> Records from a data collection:
# # # # #

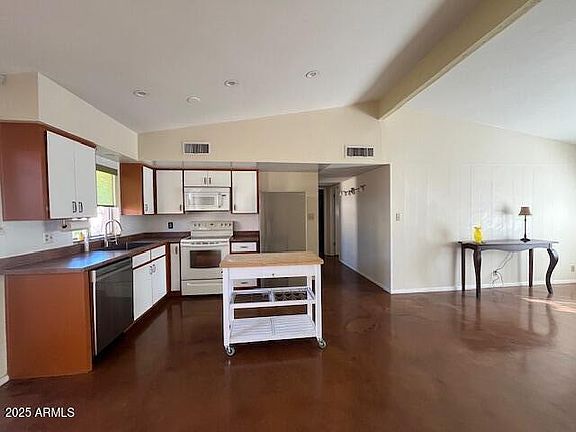 Prime location! Rarely available! *HOA INCLUDES ALL UTILITIES! Single Level Gated Community! This unit is in a quiet and desirable heart of Central Phoenix location surrounded by some of the most prestigious developments.This is a well maintained 2 bedroom condo. Features include stained concrete floors, vaulted ceiling, upscale refrigerator & dishwasher, deep S.S. sink with MOEN faucet, hi-tech water RO system and a 2022 Trane HVAC unit. Master with WI closet. This unit has one of the largest north facing back patio's which stays shaded most of the year. Saltillo tile flooring and a convenient storage room. This is a beautifully landscaped pet friendly community with easy walking and biking access to shopping, dining, fitness center and parks... The community has a pool, clubhouse, gym, BBQ's and a convenient laundry room. Covered parking. There is an effective and professional management company that ensures the property is well cared for.
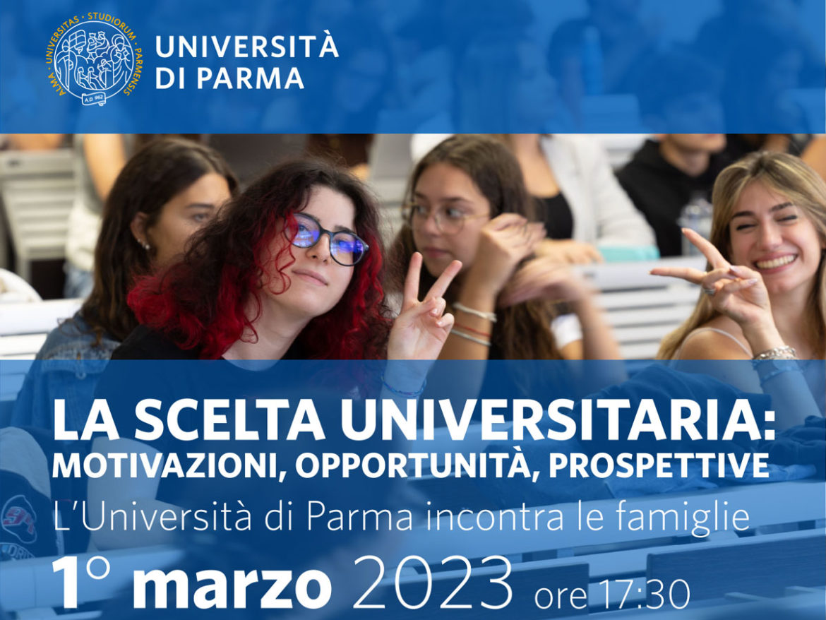 L’Università di Parma incontra le famiglie per parlare di “scelta universitaria: motivazioni, opportunità, prospettive”. L’appuntamento è per mercoledì 1° marzo alle 17.30 in presenza, nell’Aula dei Filosofi della Sede Centrale dell’Ateneo (via Università 12), e in diretta streaming sul canale YouTube Unipr (https://youtu.be/ExGYQs8Zo-I).
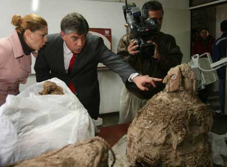 A female mummy wearing a mask is on show at a museum in Lima, Peru, Sept. 3, 2008. The 1,300-year-old mummy was found during the excavation of an ancient tomb in central Lima on Aug. 26. [Xinhua]
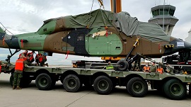 El transporte de este helicóptero se ha realizado por primera vez con motivo de la evacuación desde Eslovenia para su reparación por parte de los órganos logísticos correspondientes. Ha supuesto un reto para la Oficina de Cargas de esta unidad, encargada de elaborar las fichas de carga, del Centro de Control de Movimiento y del Grupo de Transporte Especial I/1.
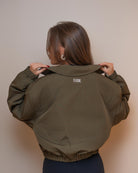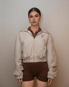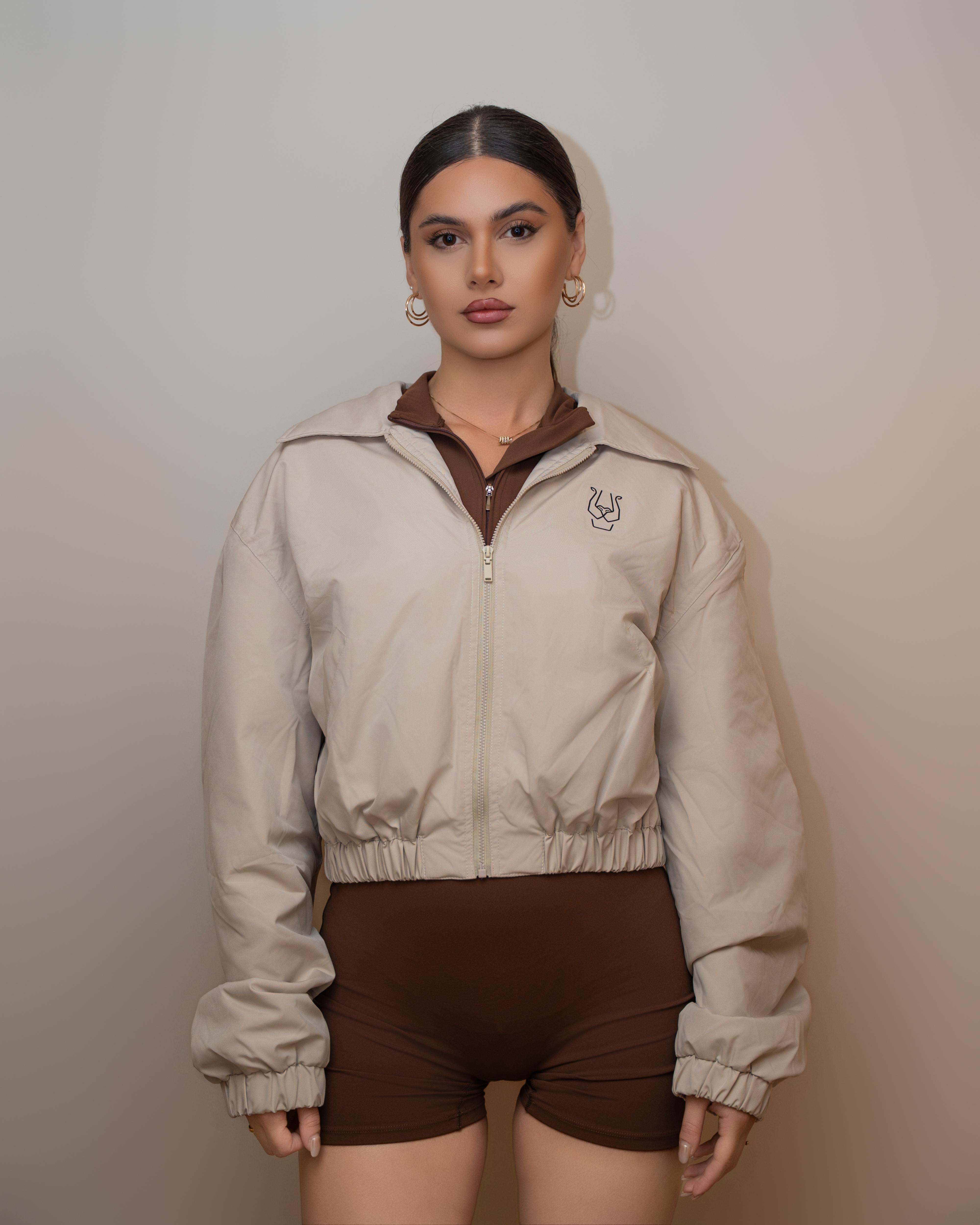 It’s windproof, structured, and has that effortless city look that works from gym to street. The cropped cut sits perfectly at the waist, giving shape without bulk, while the lightweight shell keeps you protected on breezy days.
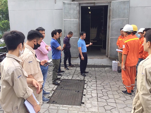 Anh Bùi Đăng Hải hướng dẫn an toàn lao động cho đơn vị bảo trì và kỹ thuật viên trước khi thực hiện công tác bảo trì hệ thống điện, máy phát điện tại tòa nhà
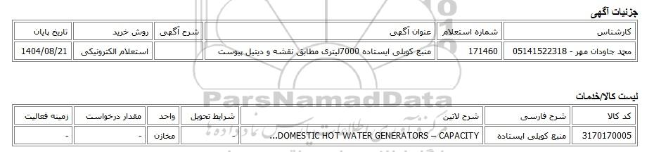 | محمد جاودان مهر - 05141522318 | 171460 | منبع کویلی ایستاده 7000لیتری مطابق نقشه و دیتیل پیوست | استعلام الکترونیکی | 1404/08/21 |
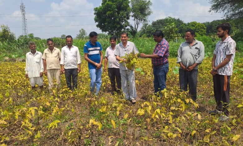 विधायक श्री सिसोदिया ने खारखेड़ा में सोयाबीन की फसल खेतों पर जाकर सर्वे करवाया
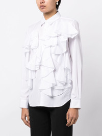 ruffled buttoned cotton shirt Highlights - Chalk white - Cotton - Fully ruffled - Classic collar - Front button fastening - Shirt sleeves - Curved hem Imported Composition Cotton 100% SIZE & FIT Model measurements Height 5 ft 10 in(1.77 m) Bust/Chest 31.49 in(80 cm) Hips 35.43 in(90 cm) Waist 25.19 in(64 cm) FittingInformation Designed to be unstructured, offering a loose fit throughout Made from a midweight non-stretch fabric This piece fits true to size – take your usual size Washing instructions Hand Wash

# # # # #

> Exercise instructions: If an entry contains an image, print the rest of that entry exactly and leave the image out.

> Task solution:
 Prime location! Rarely available! *HOA INCLUDES ALL UTILITIES! Single Level Gated Community! This unit is in a quiet and desirable heart of Central Phoenix location surrounded by some of the most prestigious developments.This is a well maintained 2 bedroom condo. Features include stained concrete floors, vaulted ceiling, upscale refrigerator & dishwasher, deep S.S. sink with MOEN faucet, hi-tech water RO system and a 2022 Trane HVAC unit. Master with WI closet. This unit has one of the largest north facing back patio's which stays shaded most of the year. Saltillo tile flooring and a convenient storage room. This is a beautifully landscaped pet friendly community with easy walking and biking access to shopping, dining, fitness center and parks... The community has a pool, clubhouse, gym, BBQ's and a convenient laundry room. Covered parking. There is an effective and professional management company that ensures the property is well cared for.
 L’Università di Parma incontra le famiglie per parlare di “scelta universitaria: motivazioni, opportunità, prospettive”. L’appuntamento è per mercoledì 1° marzo alle 17.30 in presenza, nell’Aula dei Filosofi della Sede Centrale dell’Ateneo (via Università 12), e in diretta streaming sul canale YouTube Unipr (https://youtu.be/ExGYQs8Zo-I).
 A female mummy wearing a mask is on show at a museum in Lima, Peru, Sept. 3, 2008. The 1,300-year-old mummy was found during the excavation of an ancient tomb in central Lima on Aug. 26. [Xinhua]
 El transporte de este helicóptero se ha realizado por primera vez con motivo de la evacuación desde Eslovenia para su reparación por parte de los órganos logísticos correspondientes. Ha supuesto un reto para la Oficina de Cargas de esta unidad, encargada de elaborar las fichas de carga, del Centro de Control de Movimiento y del Grupo de Transporte Especial I/1.
 It’s windproof, structured, and has that effortless city look that works from gym to street. The cropped cut sits perfectly at the waist, giving shape without bulk, while the lightweight shell keeps you protected on breezy days.
 Anh Bùi Đăng Hải hướng dẫn an toàn lao động cho đơn vị bảo trì và kỹ thuật viên trước khi thực hiện công tác bảo trì hệ thống điện, máy phát điện tại tòa nhà
 | محمد جاودان مهر - 05141522318 | 171460 | منبع کویلی ایستاده 7000لیتری مطابق نقشه و دیتیل پیوست | استعلام الکترونیکی | 1404/08/21 |
 विधायक श्री सिसोदिया ने खारखेड़ा में सोयाबीन की फसल खेतों पर जाकर सर्वे करवाया
 ruffled buttoned cotton shirt Highlights - Chalk white - Cotton - Fully ruffled - Classic collar - Front button fastening - Shirt sleeves - Curved hem Imported Composition Cotton 100% SIZE & FIT Model measurements Height 5 ft 10 in(1.77 m) Bust/Chest 31.49 in(80 cm) Hips 35.43 in(90 cm) Waist 25.19 in(64 cm) FittingInformation Designed to be unstructured, offering a loose fit throughout Made from a midweight non-stretch fabric This piece fits true to size – take your usual size Washing instructions Hand Wash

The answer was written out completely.